The plot however quickly descended into farce. The younger members of the raiding party got drunk in a public tavern and were overheard, allowing word to be sent to Sir Adam Cockburn of Ormiston, Lord Justice-Clerk who raised the alarm with the deputy governor of the Castle. The sentries on the wall were thus forewarned and the guarding watches changed, meaning that the soldiers bribed to assist the assault would have less time and discretion to fulfil their part of the bargain. The raiding party rendezvoused under the cover of darkness at the West Kirk at 11PM before climbing the Castle Rock and assembled at the agreed point below the castle walls where the ladders were to be pulled up by their accomplices on the Castle walls. The merchant and Jacobite agent, Charles Forbes, who had been paid to make the ladders was however notably absent and the party had only a single ladder and grapnel with them which proved to be too short. At half past eleven when the relief guards arrived early thanks to the forewarning the plot was exposed. The erstwhile raiders at the foot of the walls fled, but not before a party from the Edinburgh Town Guard intercepted and captured three youths of their number and one Captain Maclean, a former officer in the service of King James, who had fallen on the rocks.
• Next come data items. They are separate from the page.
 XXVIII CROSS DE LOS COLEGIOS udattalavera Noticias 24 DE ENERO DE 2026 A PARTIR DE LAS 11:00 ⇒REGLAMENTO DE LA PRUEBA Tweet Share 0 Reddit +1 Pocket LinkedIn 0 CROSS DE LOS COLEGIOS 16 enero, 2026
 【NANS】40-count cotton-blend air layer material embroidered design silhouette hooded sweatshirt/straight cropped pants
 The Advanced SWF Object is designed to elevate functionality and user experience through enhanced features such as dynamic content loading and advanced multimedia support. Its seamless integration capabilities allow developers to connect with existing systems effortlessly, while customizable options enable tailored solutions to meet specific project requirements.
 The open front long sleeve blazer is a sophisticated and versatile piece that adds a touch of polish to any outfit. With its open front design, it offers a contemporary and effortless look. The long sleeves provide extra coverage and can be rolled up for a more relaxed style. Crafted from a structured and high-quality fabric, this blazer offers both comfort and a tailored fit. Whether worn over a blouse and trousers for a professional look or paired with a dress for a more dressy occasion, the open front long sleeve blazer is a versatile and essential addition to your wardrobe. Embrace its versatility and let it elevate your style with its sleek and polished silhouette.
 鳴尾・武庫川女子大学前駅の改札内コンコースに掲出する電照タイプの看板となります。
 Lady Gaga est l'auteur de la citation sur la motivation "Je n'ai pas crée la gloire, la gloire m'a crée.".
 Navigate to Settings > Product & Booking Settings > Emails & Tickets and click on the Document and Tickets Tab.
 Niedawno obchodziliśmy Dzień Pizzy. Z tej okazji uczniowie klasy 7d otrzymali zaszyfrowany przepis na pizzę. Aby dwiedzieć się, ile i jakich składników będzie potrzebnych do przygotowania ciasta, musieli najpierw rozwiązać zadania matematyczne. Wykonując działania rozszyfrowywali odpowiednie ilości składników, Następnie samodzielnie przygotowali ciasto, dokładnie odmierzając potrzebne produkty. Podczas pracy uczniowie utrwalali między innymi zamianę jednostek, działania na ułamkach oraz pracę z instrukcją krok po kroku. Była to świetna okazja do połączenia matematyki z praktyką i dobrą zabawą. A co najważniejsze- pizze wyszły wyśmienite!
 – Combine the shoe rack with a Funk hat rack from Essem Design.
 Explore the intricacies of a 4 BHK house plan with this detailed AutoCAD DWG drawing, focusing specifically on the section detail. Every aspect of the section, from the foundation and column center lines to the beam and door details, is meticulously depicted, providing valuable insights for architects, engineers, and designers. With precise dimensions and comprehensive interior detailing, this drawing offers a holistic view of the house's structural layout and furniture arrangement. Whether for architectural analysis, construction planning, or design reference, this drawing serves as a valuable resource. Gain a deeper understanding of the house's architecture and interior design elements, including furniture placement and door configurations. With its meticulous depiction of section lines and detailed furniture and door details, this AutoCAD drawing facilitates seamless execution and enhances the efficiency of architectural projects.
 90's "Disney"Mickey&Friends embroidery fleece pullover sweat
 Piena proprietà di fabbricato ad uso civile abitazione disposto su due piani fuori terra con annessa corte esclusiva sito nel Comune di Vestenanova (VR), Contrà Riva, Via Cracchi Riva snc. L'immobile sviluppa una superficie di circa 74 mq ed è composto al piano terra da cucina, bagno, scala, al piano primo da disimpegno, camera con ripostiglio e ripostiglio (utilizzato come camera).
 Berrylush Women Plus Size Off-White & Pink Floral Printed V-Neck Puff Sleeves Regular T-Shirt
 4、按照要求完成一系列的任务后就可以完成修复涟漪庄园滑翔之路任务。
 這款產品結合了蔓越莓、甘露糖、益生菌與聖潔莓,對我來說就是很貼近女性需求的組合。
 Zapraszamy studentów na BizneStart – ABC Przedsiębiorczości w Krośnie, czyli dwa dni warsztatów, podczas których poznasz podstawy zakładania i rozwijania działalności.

The remainder scattered to the north where they encountered the delayed Charles Forbes, coming the opposite way with the awaited but now redundant assault ladders.

The Highlanders of the party headed north for Kinross. The luckless sergeant on the walls was captured, court-martialled and hanged for his crime and the Deputy Governor. Lieutenant-Colonel Stewart, was relieved of his command and imprisoned. William Arthur recounted in a letter sent later to the Earl of Mar how he had then fled the city with a few other conspirators to the house of his niece in Polton, where they acquired horses and rode through the Pentland Hills to the house of another relative, a sister of his father-in-law Sir John Clerk. From here, he corresponded with his wife in Edinburgh who informed him by return that his part in the plot was known and that she had been visited and questioned by her brother Baron Clerk and other senior figures with family connections. William gathered money and fresh horses from his wife's estates of Cairnmuir in the Scottish Borders and was helped across the border into England by Jacobite sympathisers in Teviotdale. After this, the authorities in Edinburgh claimed that Arthur and his cousin, William Cunningham of Barnes, thereafter met with the Earl of Mar "with intelligence" and were later present at the Battle of Preston where the rising finally failed.

==Later life and death==
William Arthur was next heard of in Rome, where he died in 1716 from dysentery after consuming a "surfeit of figs". He is alleged to have written his account of the plot on his death bed, to clear himself of allegations that he had lost his nerve and that he had betrayed the plot by informing his wife. This was conveyed to the Earl of Mar in Paris, along with the news of Arthur's death by Dr Roger Kenyon, a Jacobite agent. William was buried in Rome by his sympathisers and was the first to be interred in the Protestant Cemetery in that city, a privilege which had been conferred directly from Filippo Gualterio, Cardinal Protector of Scotland. Mar wrote posthumously on Arthur in a letter to a Jacobite agent:

1716, November 15. A countryman of yours, a very pretty young man, is lately dead at Rome, Dr. Arthur and his brother Tom, who is at Francis' quarters, has fallen so ill on it, that 'tis feared he'll die too. The Doctor at his death, I hear, declared he was a Presbyterian, but a loyal one, as he called it, which he thought was not at all inconsistent. You know what was his kind of loyalty. Pray are many of your Presbyterians of his opinion?